The announcement in late October that Quebec has become a partner in the C Series sets a cautiously optimistic tone for 2016 at Bombardier, particularly after the C Series received Transport Canada type certification on Dec. 18, 2015, setting the stage for its entry into service later this year.
Bombardier chief executive officer Alain Bellemare said he has been carefully studying what needs to be done to improve operations since he became CEO in February 2015.
The 135-seat CS300 is currently undergoing its own certification process, including water ingestion testing, shown here in August 2015. Patrick Cardinal Photo
“As you’ve seen over the past few months, we took several key actions to de-risk and stabilize the business,” Bellemare said during the company’s investor day conference in New York in late November. “We have developed a five-year strategic plan to drive superior performance across all of our businesses.”
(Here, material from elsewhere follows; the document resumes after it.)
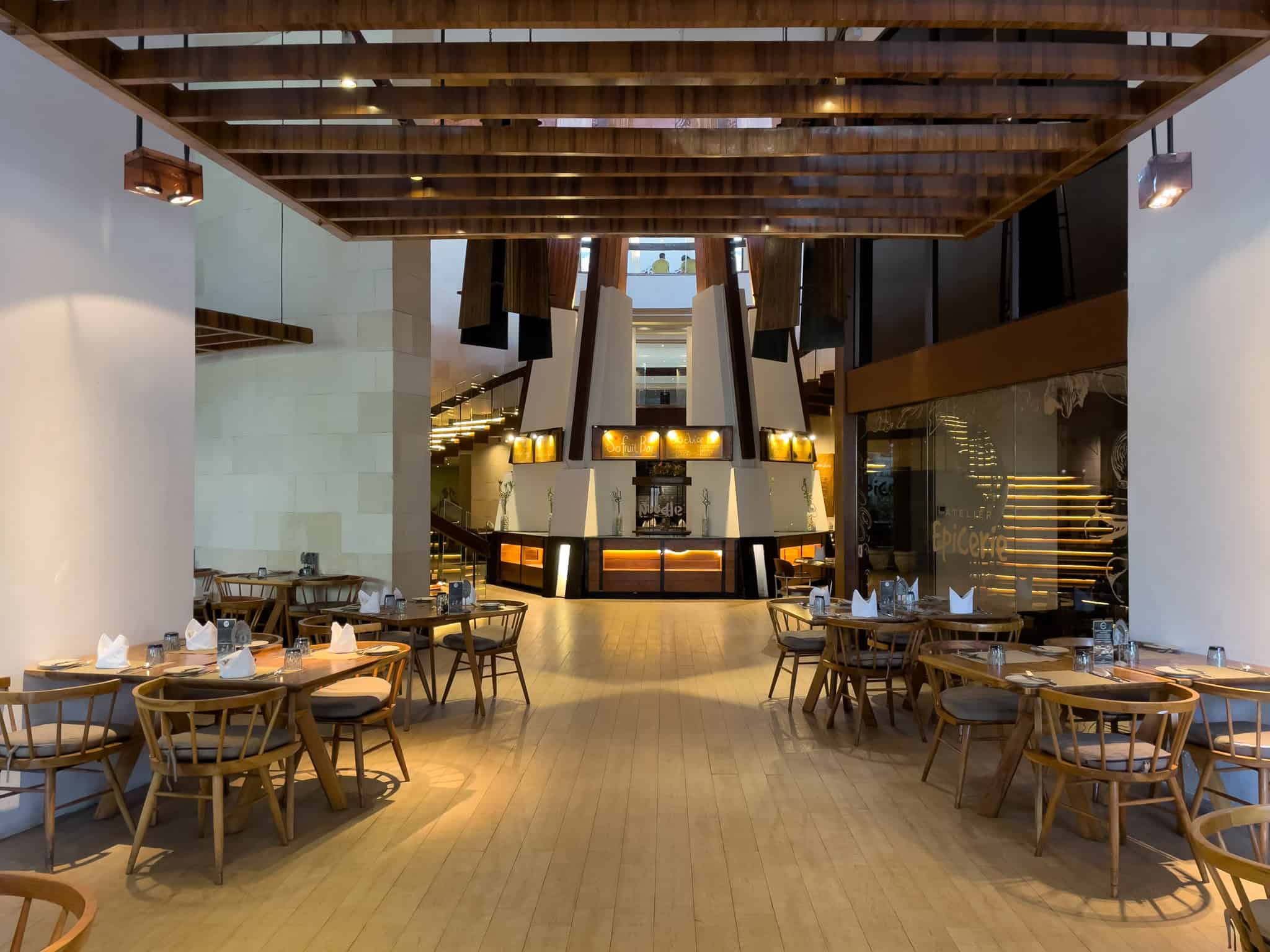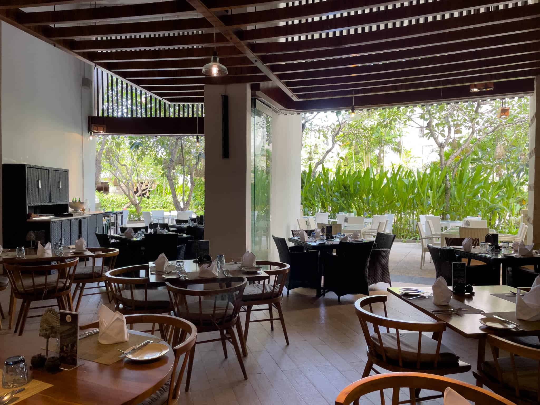 Kwee Zeen serves as the resort’s principal all-day dining venue and hosts the main international breakfast buffet. The restaurant is architecturally impressive, featuring high ceilings and a layout designed to manage large guest numbers efficiently across various live cooking stations. The culinary focus is broad, reflecting a range of global tastes necessary for a major international resort.

Delays have plagued the C Series ever since the company formally started development of the narrow-body, single-aisle jet aimed at the 100 to 150-seat market.
The 110-seat CS100 version completed certification flight testing in November. The regional aircraft’s launch customer will be Swiss International Air Lines, which is expecting delivery of its first CS100 by mid-2016.
The C Series’ integrated avionics suite includes large LCD displays as well as dual flight management systems (FMS). The flight deck also features sidestick controls. Bombardier Photo

The 135-seat CS300 version’s launch customer will be Air Baltic, though that larger plane needs to go through its own battery of tests before deliveries are slated to begin in the second half of 2016.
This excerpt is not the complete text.